Medical students can fail their licensing exams for not asking about preferred pronouns.
Pronouns aren’t the only gendered words medical professionals have to worry about. Don’t use “pregnant woman,” use “birthing person.” Or how about “chestfeed” instead of “breastfeed”?
Now, they can’t even say someone is “vulnerable” or “high risk.” The CDC’s “Healthy Equity Guiding Principles for Unbiased, Inclusive Communication” says to avoid those terms, as well as steering clear of “unintentional blaming.”
Ideology and Money Take Over
The problem is not just fear and political correctness, it’s also miseducation. Although it can be assumed that most doctors enter into the medical field with the genuine and positive intention to help others, they are taught much more about pharmaceuticals than nutrition. Medical schools don’t pass on adequate knowledge to future physicians on nutritional truth and weight-loss counseling.
An ICU nurse exposed her training program on Twitter, posting a screenshot that marked her quiz answer incorrect when she selected that it’s true that “obesity is a result of over eating and not exercising.”
And it's not just your primary care physician or your specialist who are experiencing this. Doctors are facing entire areas of research being deemed taboo based on ideology and race. Florida’s Surgeon General Dr. Joseph Ladapo openly admitted the problem, noting “we have had so many scientific organizations that have left the science lane and entered the propaganda lane.”

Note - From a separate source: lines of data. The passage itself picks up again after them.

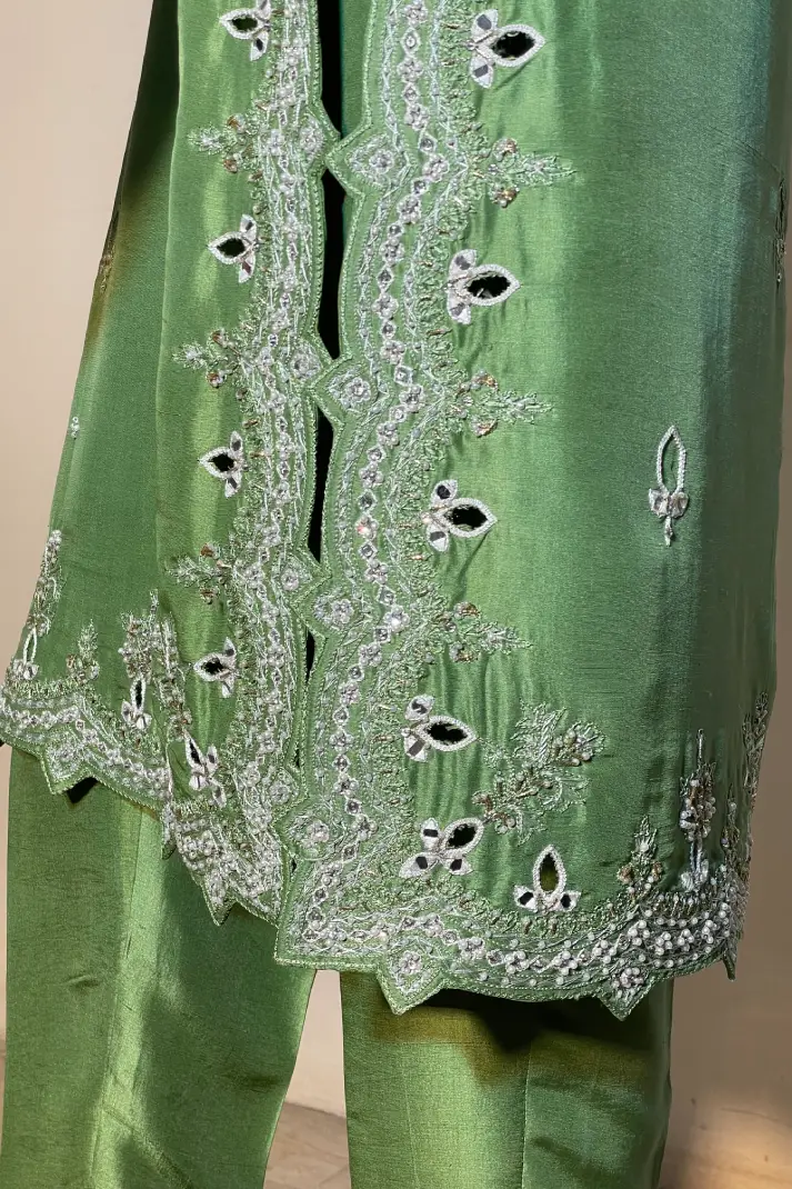 SKU: AZ-34 Color: Lime Green lable>Fabric: Shirt and Shalwar: Pure Shisha Silk, Dupatta: Organza/Medium Silk/Chiffon Work Details: Embroidered and Embellished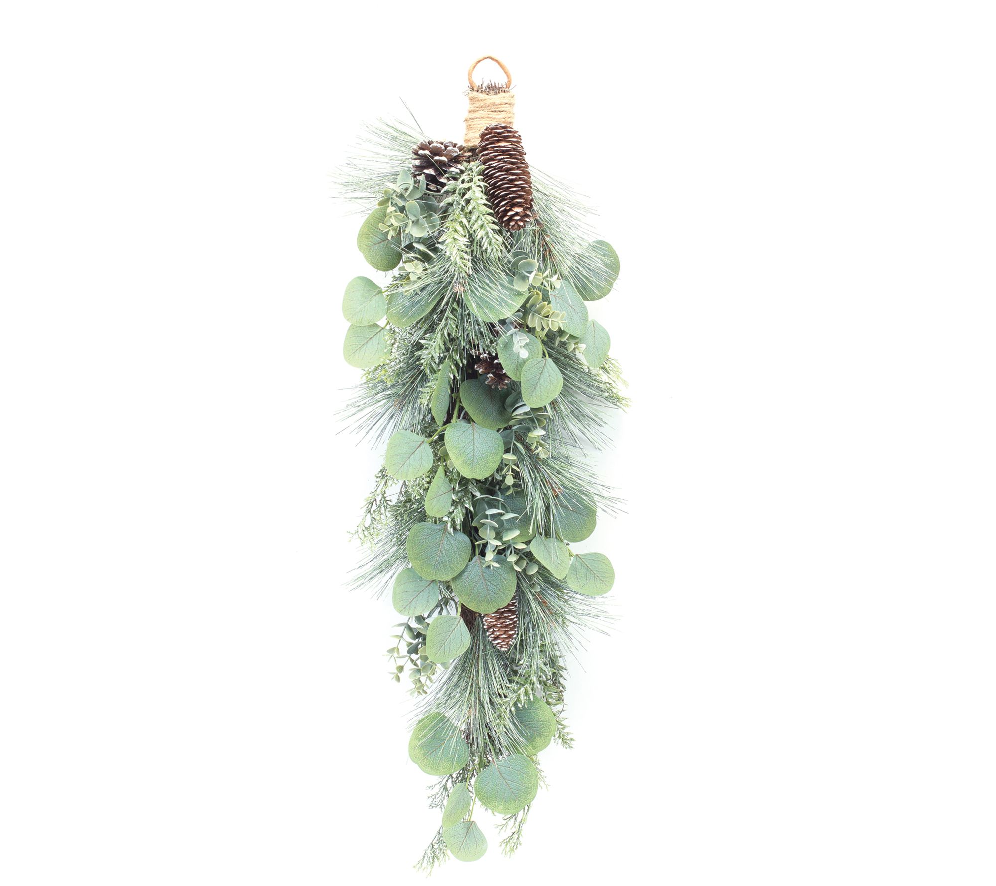 An elegant alternative to the classic wreath, this frosted pine and eucalyptus swag makes a festive and sophisticated addition to your entryway. From Melrose International.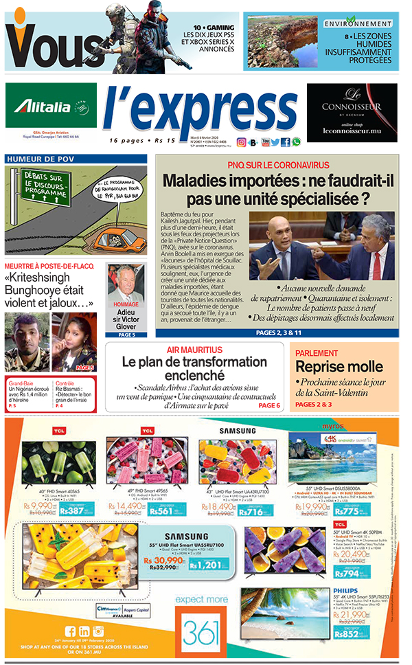 En une - Maladies importées: ne faudrait-il pas une unité spécialisée ? Autre titre - Riz Basmati: «Détecter» le bon grain de l’ivraie. Ou encore, Hommage: adieu Sir Victor Glover.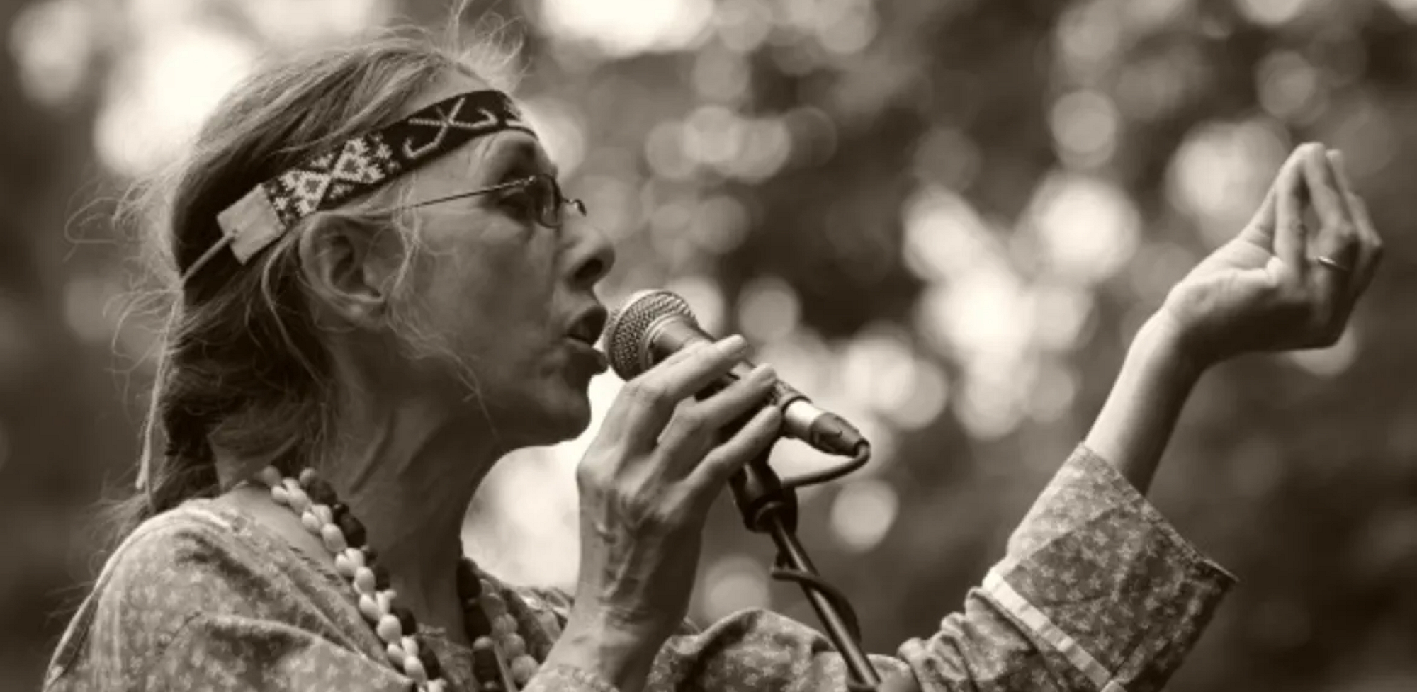 La conteuse, Nicole O’Bomsawin, est membre de la Première nation Abénakise et vit à Odanak, son village natal.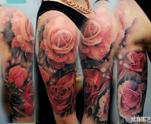 欧美玫瑰纹身 男生手臂上花朵纹身图片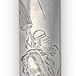 a courtesan and servant holding an umbrella on the reverse sheltering from a storm blown down by Raijin and Raiden on the obverse, signed Sano Naonobu (Haynes 6742) with a kao;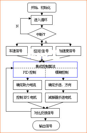 車輛正常行駛時,傳感器采集控制系統(tǒng)外部的車身垂直振動加速度、轉(zhuǎn)向軸轉(zhuǎn)矩、車速等狀態(tài)信號,經(jīng)調(diào)理傳送到控制器的電控單元ECU,ECU進行分析計算處理,產(chǎn)生控制信號傳輸給執(zhí)行機構(gòu),執(zhí)行機構(gòu)按控制要求驅(qū)動懸架減振器的步進電機和轉(zhuǎn)向系的直流電機,改變減振器的阻尼,同時提供轉(zhuǎn)向助力,實現(xiàn)ASS和 EPS的協(xié)調(diào)集成控制。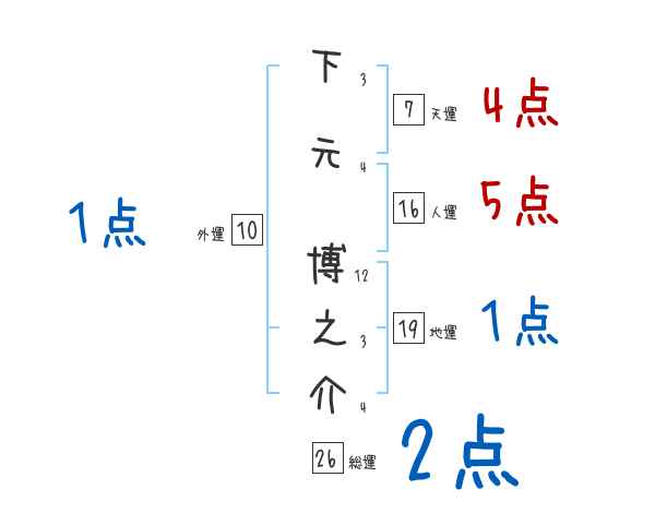 天運![]() | 下元博之介さんの天運は7画の4つ星!強い意志や信念を持ち独立心が強い。自立する。 家系が持つ宿命的な運勢を表します。祖先から受け継いだ苗字ですので自分の力が及びません。家柄を象徴します。 |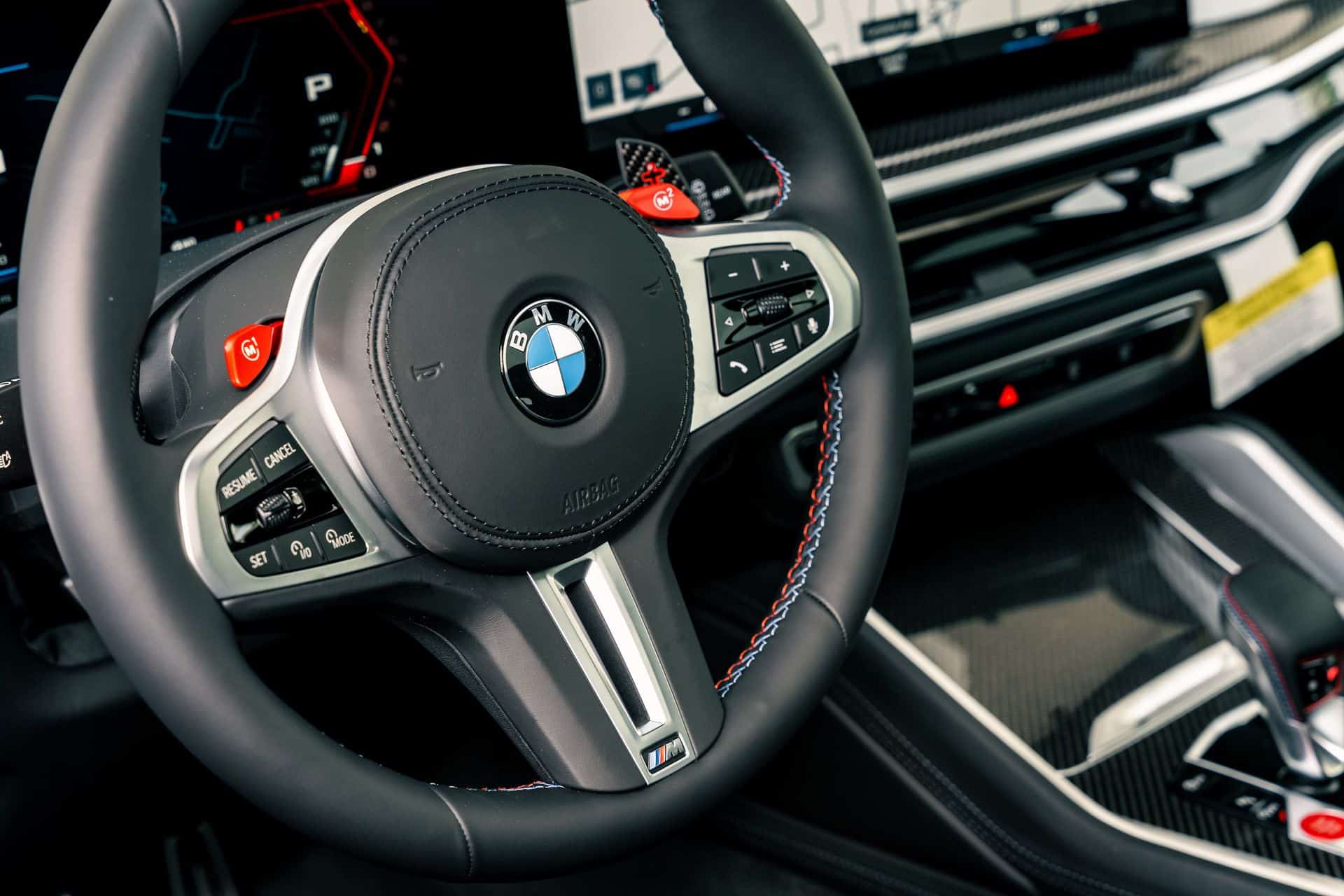One of the images provides a look underneath the hood where the newly developed S68 calls home. It has a unique engine cover with prominent “M Power” lettering and an M badge, along with red accents denoting it’s an eight-cylinder mill. This is still a twin-turbo 4.4-liter V8 making 617 horsepower and 553 pound-feet (750 Newton-meters) of torque but it uses a mild-hybrid setup (48V) for better efficiency. The ICE works with a small electric motor built into the eight-speed automatic transmission, providing a temporary boost of 12 hp and 147 lb-ft (200 Nm).

It appears that instead of being beholden to the patient and their best outcomes, many health professionals are now loyal to ideology and Big Pharma, whether or not that was their initial intent.
What’s in it for the healthcare system if drug companies can’t make money from prescription drugs? Studies have shown that prescription drugs for preventable conditions are actually the ones from which the pharmaceutical industry makes the most lucrative profits.
The pharmaceutical industry profits the most from prescription drugs for preventable conditions.
In addition, health insurance companies profit billions each quarter, transforming the healthcare industry into big business that doesn’t bat an eye at how high your premiums or claims go up.
To add insult to injury, prescription drug manufacturers give doctors a big payday if they prescribe more of the most addictive medications, like opioids. But it’s not just opioid prescriptions, doctors receive thousands of dollars from the pharmaceutical industry for many types of medications, speaking engagements, consulting, travel, and more.
If there’s more of an incentive to keep you sick and medicated and less of an incentive to keep you out of the doctor’s office, then it's unsurprising to me that some medical professionals are being less than honest about the health consequences of obesity.
In some ways, it feels like manipulation when you see how the medical industry profits from your prolonged illnesses and conditions. When your own fertility and health are at stake, the last thing a doctor should do is ignore looming problems out of fear of being canceled or out of misguided education that trickles down from powerful voices at the top.
We need to rethink the way medical professionals are being trained and incentivized so that the genuine intentions they have in pursuing this career can be upheld and positively impact their patients' lives.